The risk is higher in 2026-era agent pipelines because fields often move across several boundaries: retrieval, extraction, tool call, workflow state, final answer, and storage. Each step can look healthy in isolation while the final object is missing one field that controls billing, eligibility, routing, or safety review. Unlike Ragas-style faithfulness checks, which ask whether an answer is supported by context, field completeness asks whether the expected output shape is materially filled.

How FutureAGI Handles Field Completeness

FutureAGI’s approach is to treat field completeness as a structured-output eval, not a formatting preference. The eval:FieldCompleteness anchor maps to the FieldCompleteness local metric, which measures required field presence, optional field presence, and nested field coverage in structured output.

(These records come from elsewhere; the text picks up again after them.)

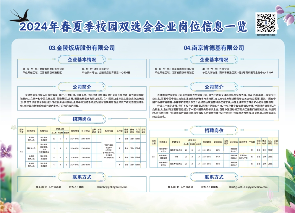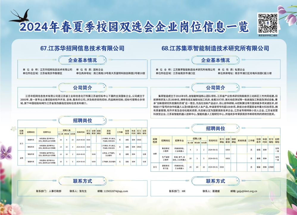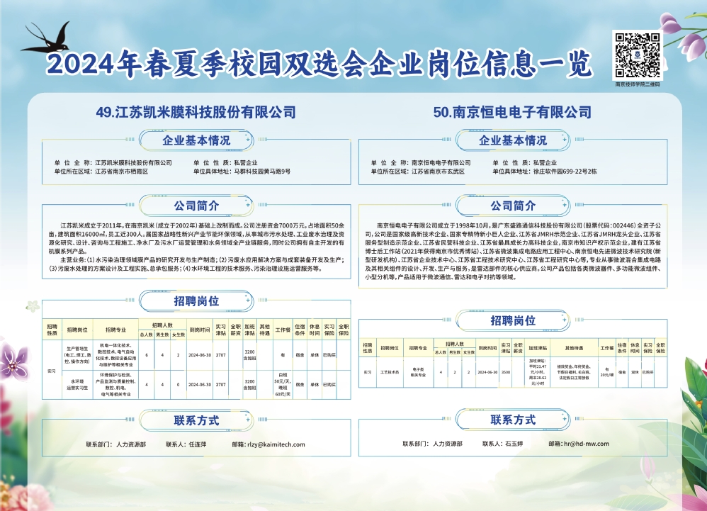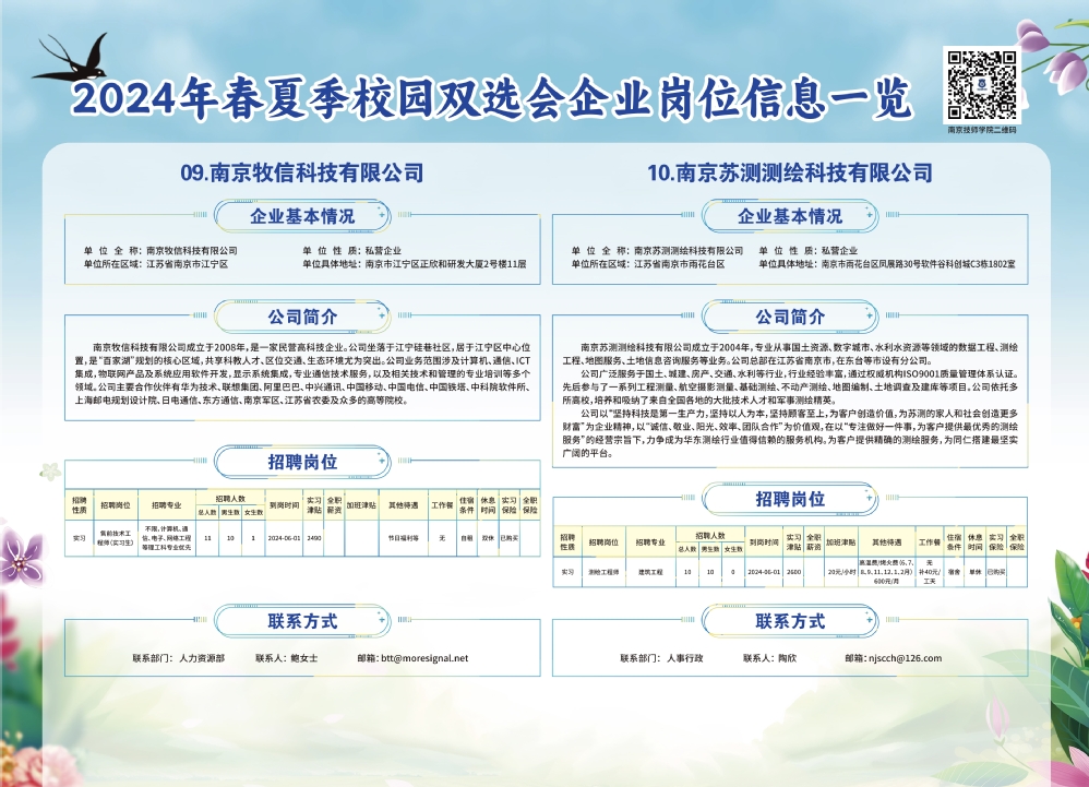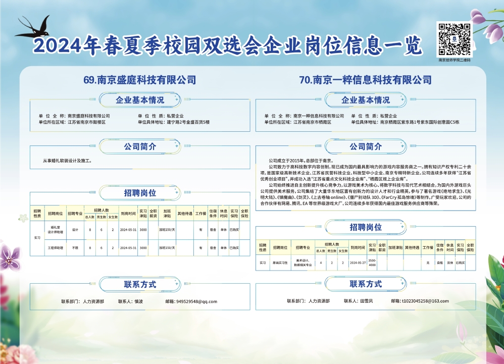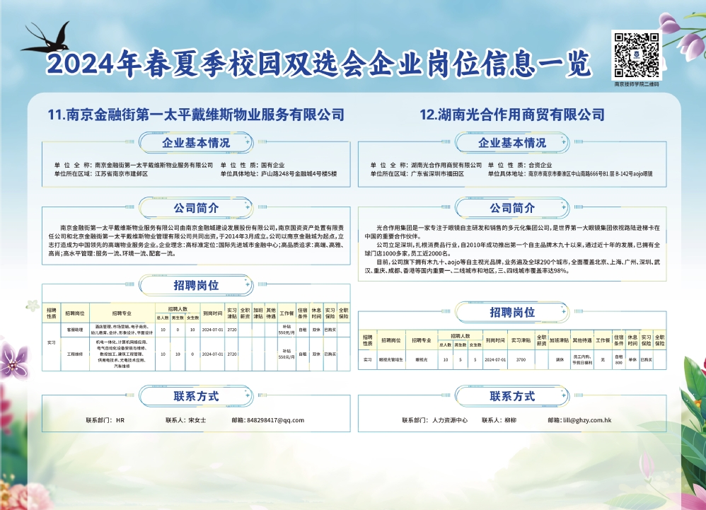2024年春夏季校园双选会企业实习岗位信息一览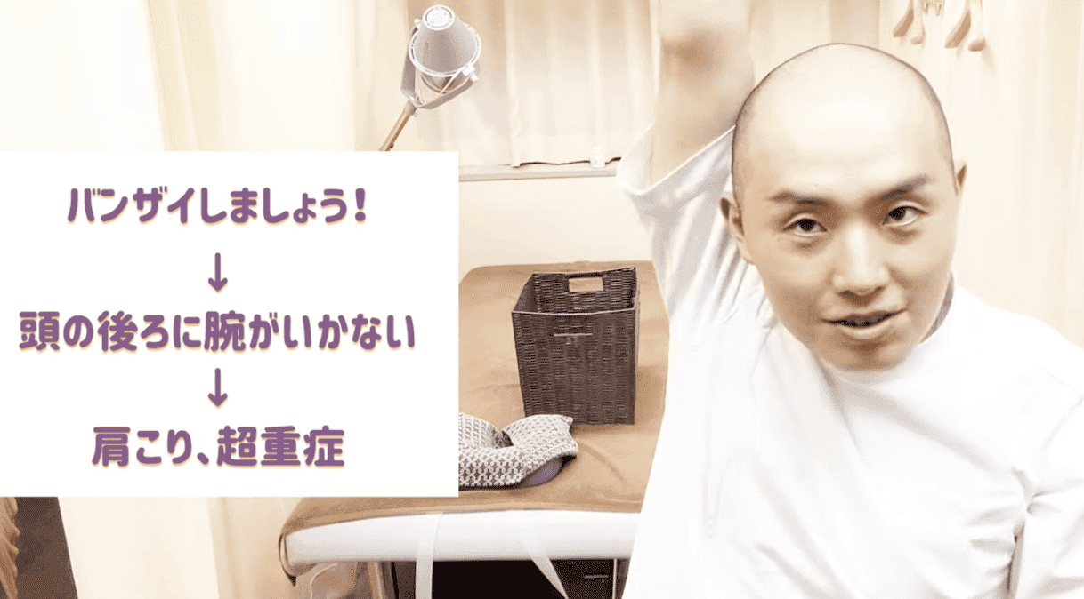②バンザイして腕が耳にくっつくかを見ます。腕がスムーズに頭の後ろくらいにまでいかないといけません。腕が痛くて耳にくっつかない人は揉んでも改善しない辛い肩こりです。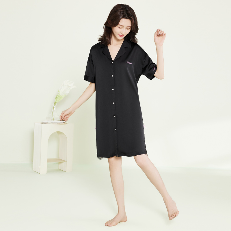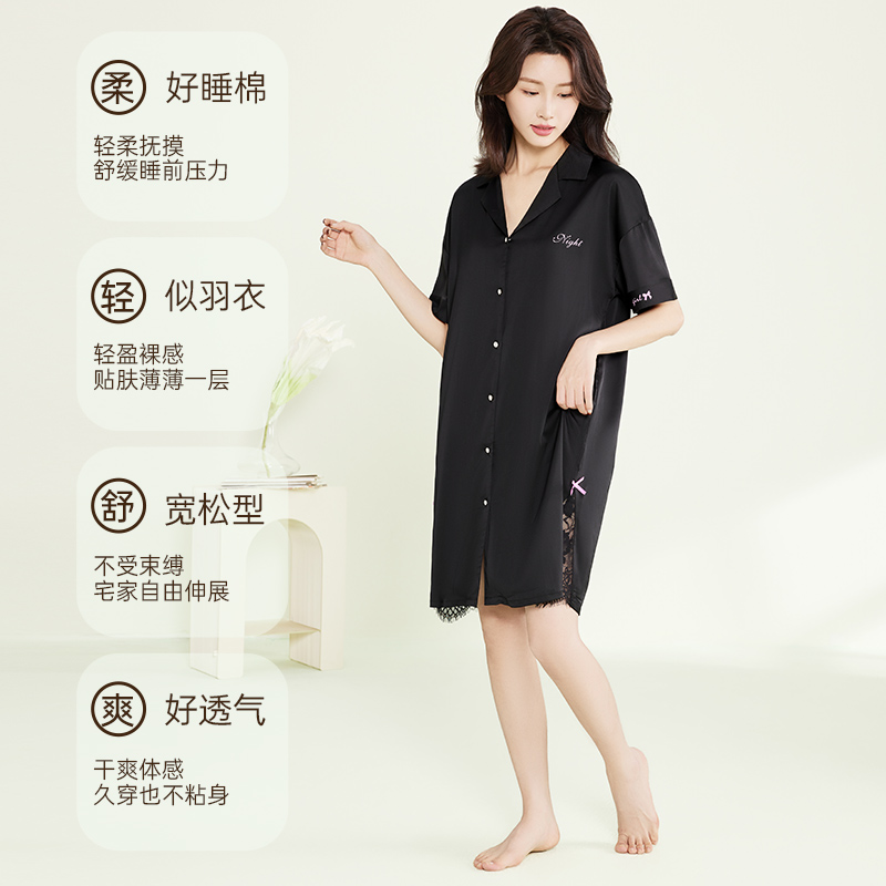 玛伦萨2025夏季新款睡裙女衬衫裙中长款翻领系扣性感女士家居服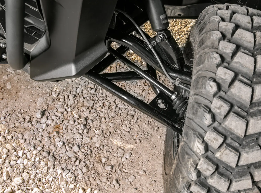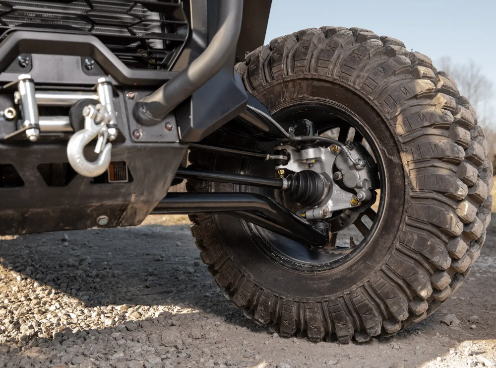 The design of these Can-Am Commander high-clearance A-arms gives you an additional 1.5″ of ground clearance, allowing you to ride over stumps and rocks you’d take a pass on before. Did we mention the 1.5″ forward offset? You’ve lengthened your wheelbase by moving the ball joint 1.5″ forward. The offset allows you to run up 31” tires without adding a lift kit. Can you imagine the fun you’ll have with extra ground clearance, bigger tires, and a longer wheelbase?

The eval:FieldCoverage anchor maps to FieldCoverage, which compares the response’s fields against an expected output object and reports which expected field paths were covered or missed.

Consider a customer-support agent that must return case_id, refund_eligible, deadline, evidence_required, and next_action. The team instruments the LangChain workflow with traceAI-langchain, stores the generated JSON on the final span, and keeps the expected object in a FutureAGI dataset. In CI, Dataset.add_evaluation runs FieldCompleteness against the schema and FieldCoverage against golden examples. In production, agent.trajectory.step traces show whether the retrieval tool found the deadline before the final JSON dropped it.

In our 2026 evals, the highest-signal view is field failure by cohort, not only the average score. If missing deadline rises after a prompt update, the engineer inspects failed traces, adds an explicit synthesis instruction, and blocks release until the regression eval passes. If the field is present but wrong, the owner routes the case to GroundTruthMatch, FunctionCallAccuracy, or domain-specific review instead of blaming field completeness for value quality.

How to Measure or Detect Field Completeness

Measure field completeness at the structured boundary where an LLM output becomes application state:

FieldCompleteness — returns a 0-1 score, reason, required-field counts, optional-field counts, and missing field paths from a schema-backed structured response.
FieldCoverage — returns a 0-1 score for expected field paths present in the response, plus covered, missing, and extra field lists.
Trace evidence — compare the final structured output with earlier agent.trajectory.step spans to find fields known by the agent but lost during synthesis.
Dashboard signals — track missing-required-field rate, eval-fail-rate-by-cohort, repair-loop count, and schema-driven retry count.
User-feedback proxy — repeated form submissions, escalations, and “you already asked me that” complaints often rise when state fields disappear.

Minimal Python:

import json
from fi.evals import FieldCompleteness, FieldCoverage

schema = {"type": "object", "required": ["case_id", "deadline"], "properties": {"case_id": {"type": "string"}, "deadline": {"type": "string"}}}
response = json.dumps({"case_id": "C-123"})
required = FieldCompleteness().evaluate([{"response": response, "format": "json", "schema": schema}])
coverage = FieldCoverage().evaluate([{"response": response, "expected": {"case_id": "", "deadline": ""}}])
print(required.eval_results[0].output, coverage.eval_results[0].output)

Common Mistakes

Most errors come from confusing a parseable object with a usable record.

Stopping at JSON validity. Valid JSON can still omit deadline, policy_id, consent_status, or another field the workflow requires.
Treating null as present. Decide whether null, empty strings, and empty arrays count as complete for each field.
Mixing completeness with correctness. A field can exist and still contain the wrong value; score that with ground-truth or function-call metrics.
Ignoring nested fields. Top-level coverage hides missing customer.address.postal_code or line_items[0].sku failures.
Using one threshold for every field. Missing middle_name and missing payment_authorization should not carry the same release risk.